Activity ->
Can you write out every line from the start of the records below through the line containing "会后,广西华谊氯碱化工有限公", leaving out any pictures?

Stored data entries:

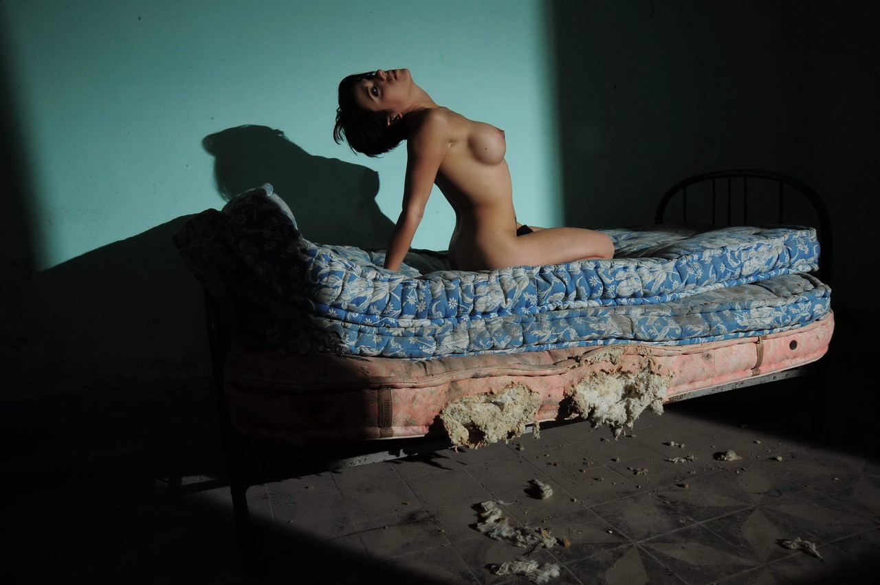 ну могли бы хоть матрас поменять или прикрыть...ебаные фотохудожники
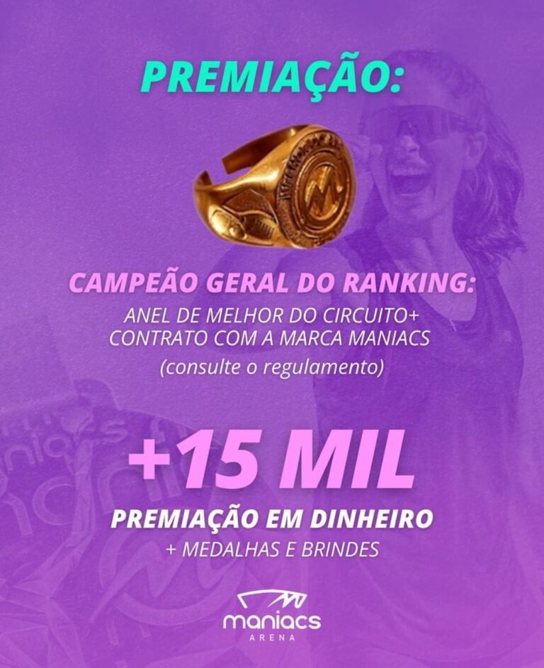 O torneio contempla categorias duplas e simples, nas modalidades masculina, feminina e mista, abrangendo faixas etárias que vão do sub-10 ao master 90+. Atletas profissionais também participam da disputa, com o campeão geral do ranking recebendo o título de melhor do circuito, além de contrato com a marca Maniacs.
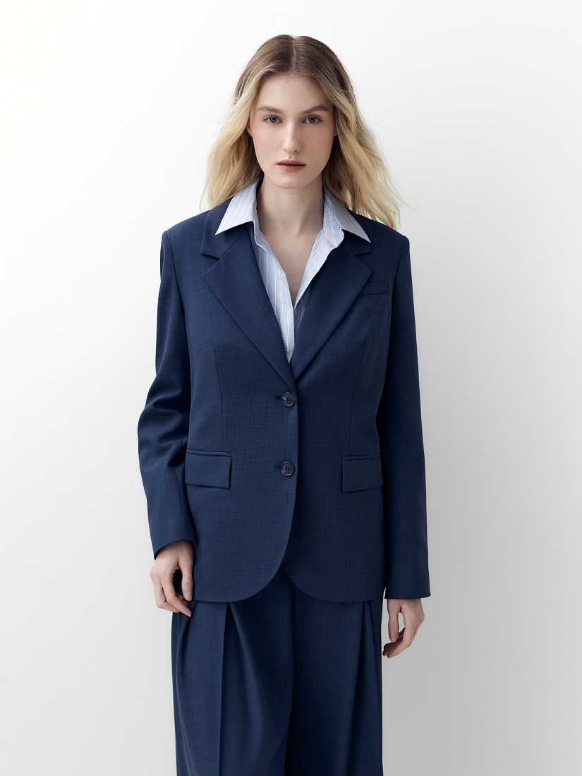 Удлиненный прямой однобортный жакет с V-образным вырезом и английским воротником. Жакет на двух пуговицах с прорезными карманами и клапанами, на спинке шлица.
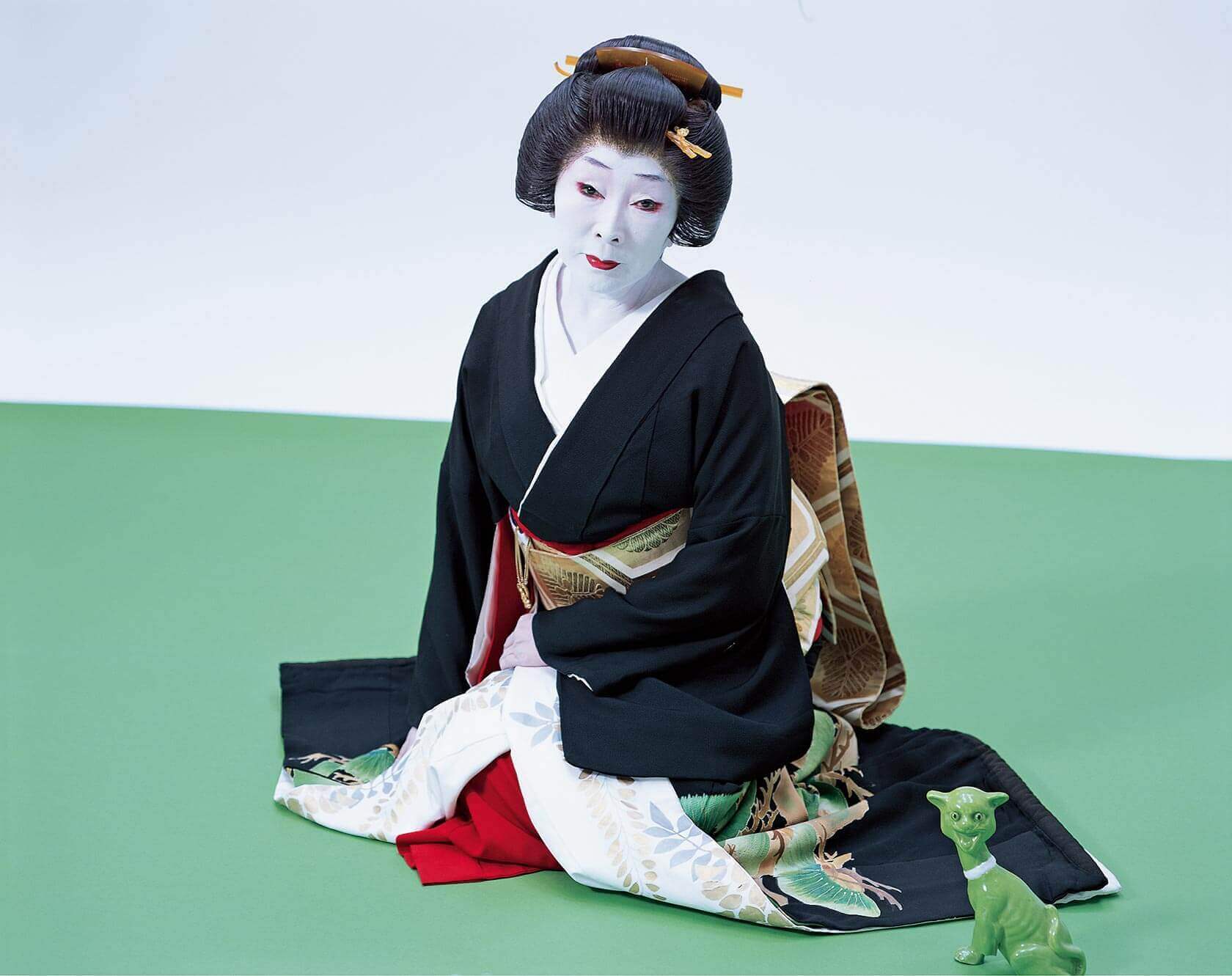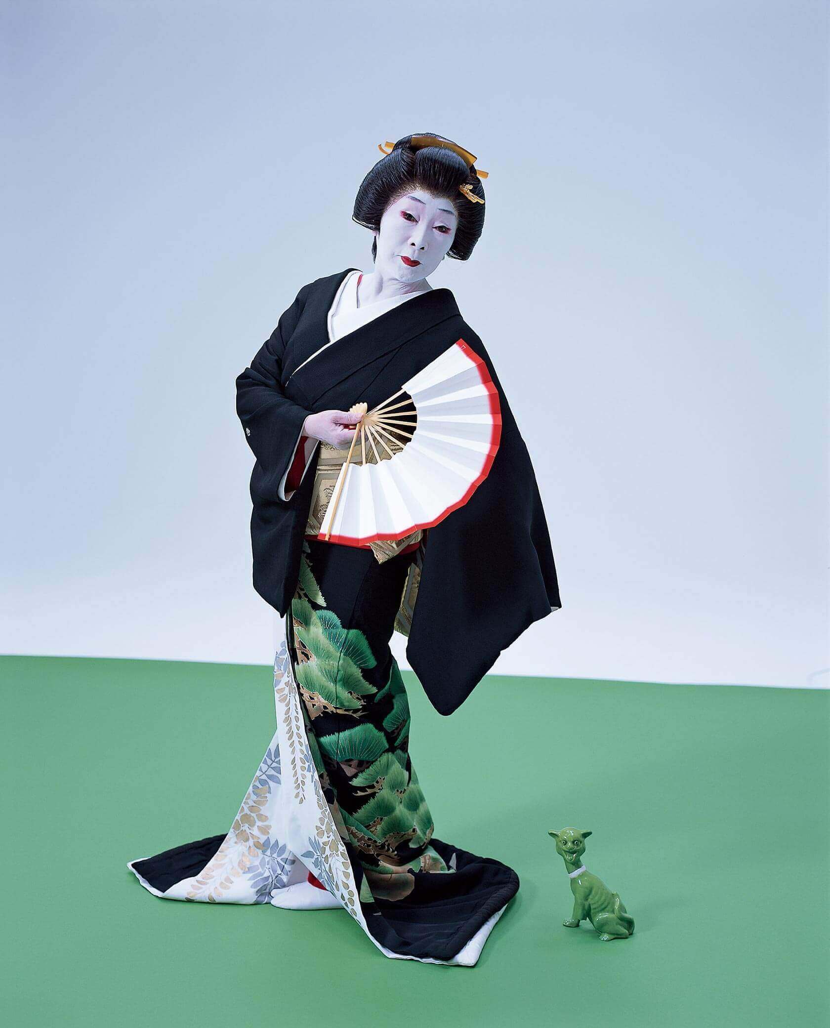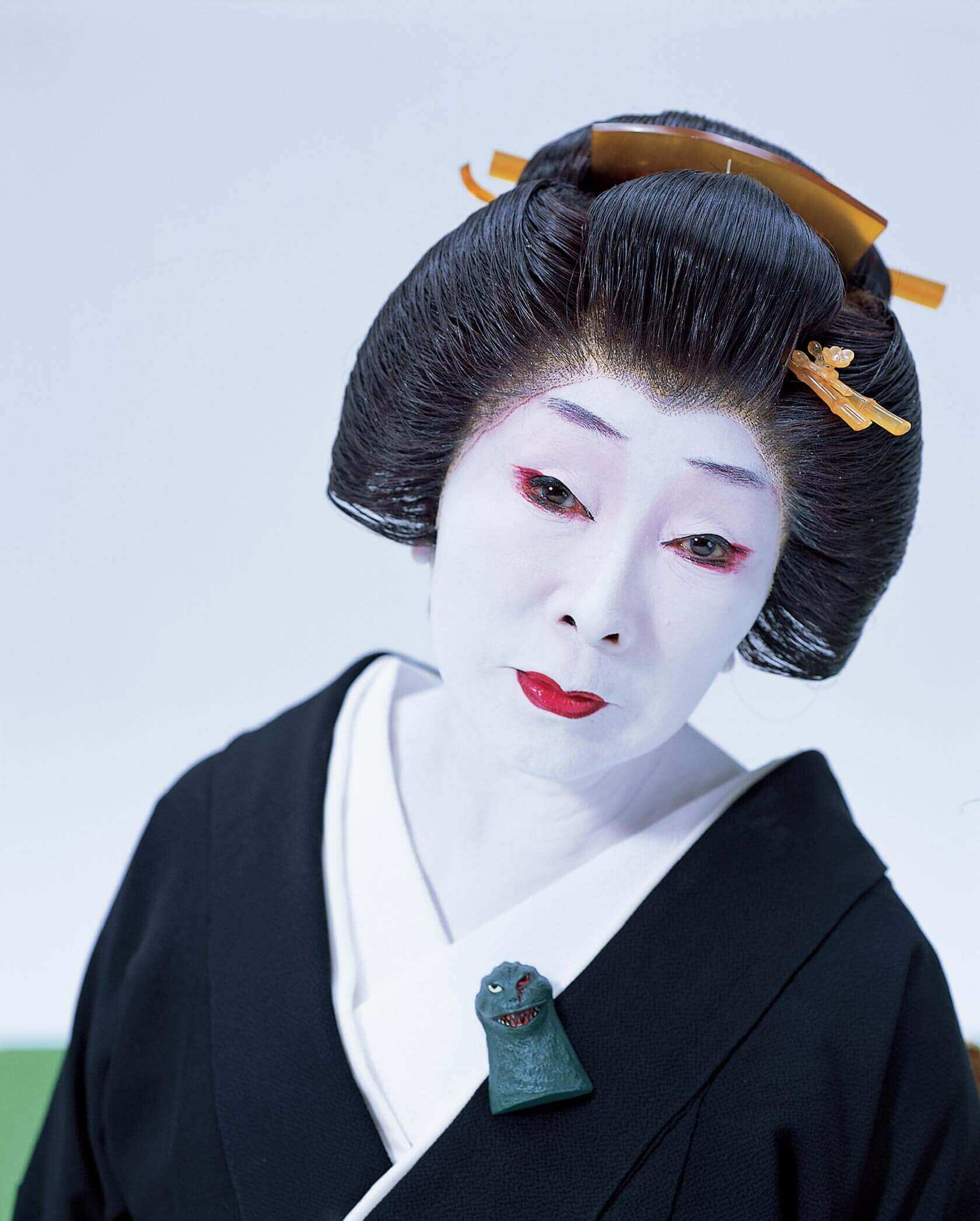 Ikuko Neesan a consacré plus de cinquante années de sa vie au métier de Geisha à Akasaka. Dans ce quartier, tout le monde connaît cette personnalité qui est née la même année qu’Araki. Elle jouit aussi de la confiance du monde des politiques et de la finance et elle continue encore aujourd’hui son activité de geisha. Ikuko san dansante, souriante, avec cette allure élégante laisse Araki en émoi, posté, son appareil prêt à se déclencher. Comme dans un dialogue, ils réduisent peu à peu la distance qui les sépare. Un dragon ou un godzilla apparaît, personnifiant le photographe. « En fait, je veux me mettre en scène ! » plaisante-t-il. Le photographe cohabite avec son sujet et partage avec lui cet «instant». C’est ainsi que se sont accumulés d’innombrables liens avec ces différents modèles croisés pour ces occasions. « Rappelle-toi un homme que tu as aimé autrefois ! Tourne-toi un peu vers la gauche.» À l’instant où naît cette relation particulière entre le photographe et son modèle, résonne alors dans le studio le bruit de l’obturateur du Pentax 67 II.
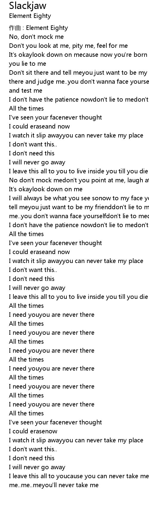 | I will always be what you see sonow to my face you lie to medon't sit there and tell meyou just want to be my frienddon't lie to medon't sit there and judge me..you don't wanna face yourselfdon't lie to medon't sit there and test me | |
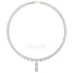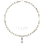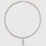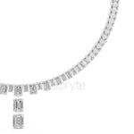 Exuding unmatched elegance, this tennis necklace is adorned with a continuous line of emerald-cut diamonds, brought together in perfect symmetry. The centerpiece features a striking three-stone drop, adding dramatic brilliance and sophistication. A timeless design crafted for red-carpet glamour and once-in-a-lifetime moments.
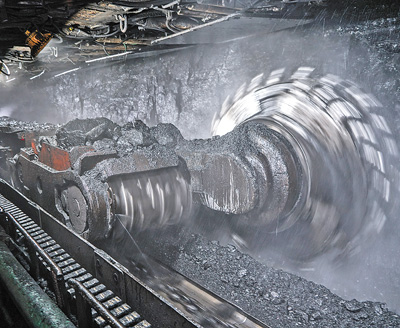 開采 內(nèi)蒙古自治區(qū)鄂爾多斯市 布爾臺(tái)煤礦綜采工作面,機(jī)器在開足馬力生產(chǎn)。
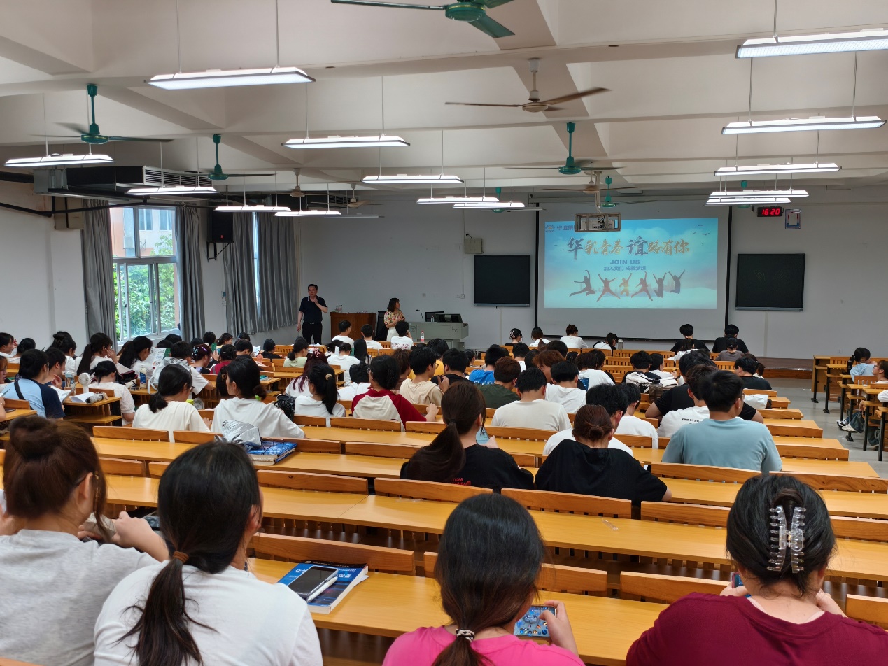 会后,广西华谊氯碱化工有限公司党总支副书记、工会主席、综合部经理张彤一行还同2022级化工、分析、环境等专业学生在启智楼8208D教室进行交流招聘。
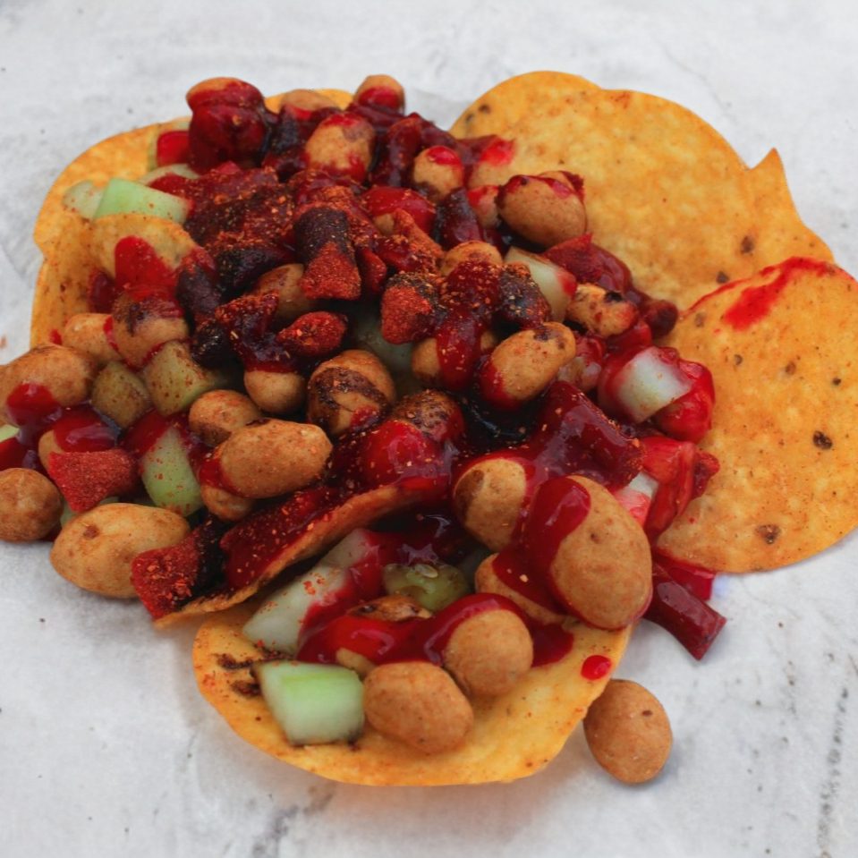 La combinación perfecta; Cacahuate japonés, pepino, rielito, clamato, chamoy, salsa maggi, limón y chile en polvo.
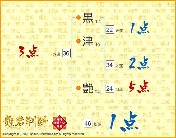黒津艶さんの総運は46画の1点!
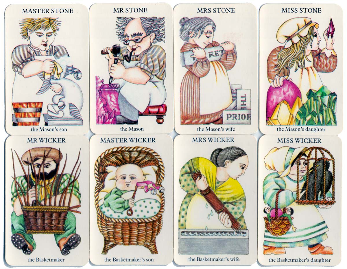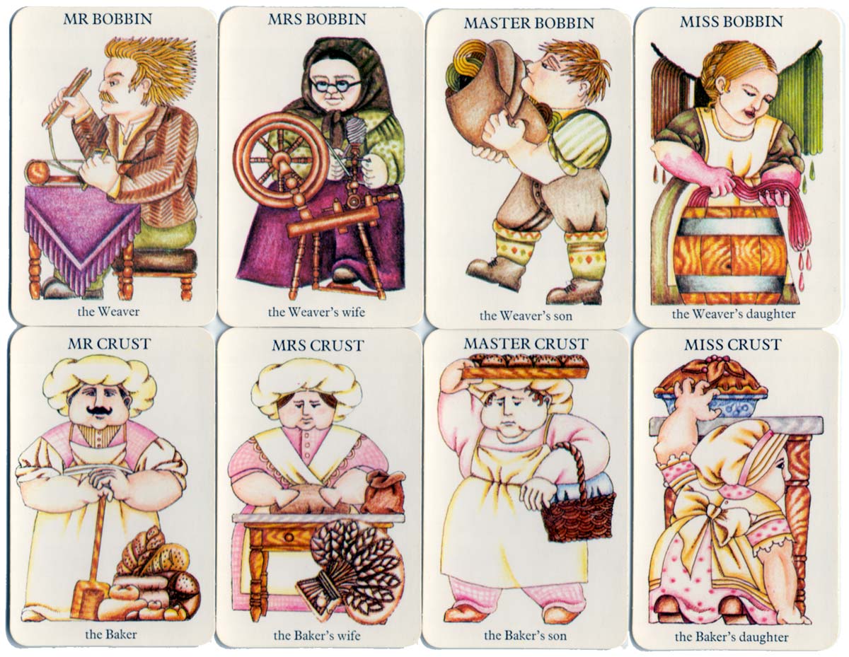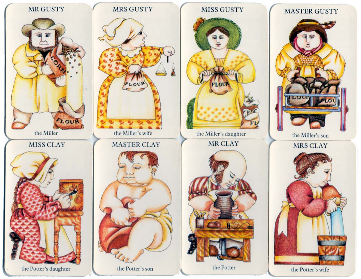 “Country Craftsmen” Happy Families illustrated by Mandy Hall, published for the National Trust by Dinosaur Publications Ltd, 1978. The 48 cards in the pack are grouped into 12 sets of four cards. Each set shows four members of a family, such as the Barley family or the Reed family, engaged in rural crafts such as farming and thatching. The object of the game is to collect as many complete families as possible.
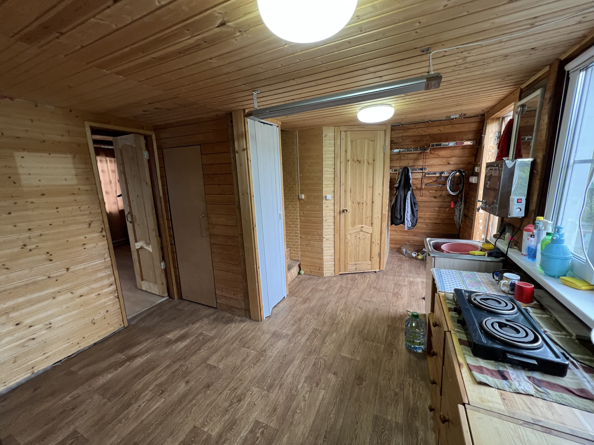 Первый этаж – терраса, ванная комната с душевой кабиной и водонагревателем, одна жилая комната.

Problem solution ->
 ну могли бы хоть матрас поменять или прикрыть...ебаные фотохудожники
 O torneio contempla categorias duplas e simples, nas modalidades masculina, feminina e mista, abrangendo faixas etárias que vão do sub-10 ao master 90+. Atletas profissionais também participam da disputa, com o campeão geral do ranking recebendo o título de melhor do circuito, além de contrato com a marca Maniacs.
 Удлиненный прямой однобортный жакет с V-образным вырезом и английским воротником. Жакет на двух пуговицах с прорезными карманами и клапанами, на спинке шлица.
 Ikuko Neesan a consacré plus de cinquante années de sa vie au métier de Geisha à Akasaka. Dans ce quartier, tout le monde connaît cette personnalité qui est née la même année qu’Araki. Elle jouit aussi de la confiance du monde des politiques et de la finance et elle continue encore aujourd’hui son activité de geisha. Ikuko san dansante, souriante, avec cette allure élégante laisse Araki en émoi, posté, son appareil prêt à se déclencher. Comme dans un dialogue, ils réduisent peu à peu la distance qui les sépare. Un dragon ou un godzilla apparaît, personnifiant le photographe. « En fait, je veux me mettre en scène ! » plaisante-t-il. Le photographe cohabite avec son sujet et partage avec lui cet «instant». C’est ainsi que se sont accumulés d’innombrables liens avec ces différents modèles croisés pour ces occasions. « Rappelle-toi un homme que tu as aimé autrefois ! Tourne-toi un peu vers la gauche.» À l’instant où naît cette relation particulière entre le photographe et son modèle, résonne alors dans le studio le bruit de l’obturateur du Pentax 67 II.
 | I will always be what you see sonow to my face you lie to medon't sit there and tell meyou just want to be my frienddon't lie to medon't sit there and judge me..you don't wanna face yourselfdon't lie to medon't sit there and test me | |
 Exuding unmatched elegance, this tennis necklace is adorned with a continuous line of emerald-cut diamonds, brought together in perfect symmetry. The centerpiece features a striking three-stone drop, adding dramatic brilliance and sophistication. A timeless design crafted for red-carpet glamour and once-in-a-lifetime moments.
 開采 內(nèi)蒙古自治區(qū)鄂爾多斯市 布爾臺(tái)煤礦綜采工作面,機(jī)器在開足馬力生產(chǎn)。
 会后,广西华谊氯碱化工有限公司党总支副书记、工会主席、综合部经理张彤一行还同2022级化工、分析、环境等专业学生在启智楼8208D教室进行交流招聘。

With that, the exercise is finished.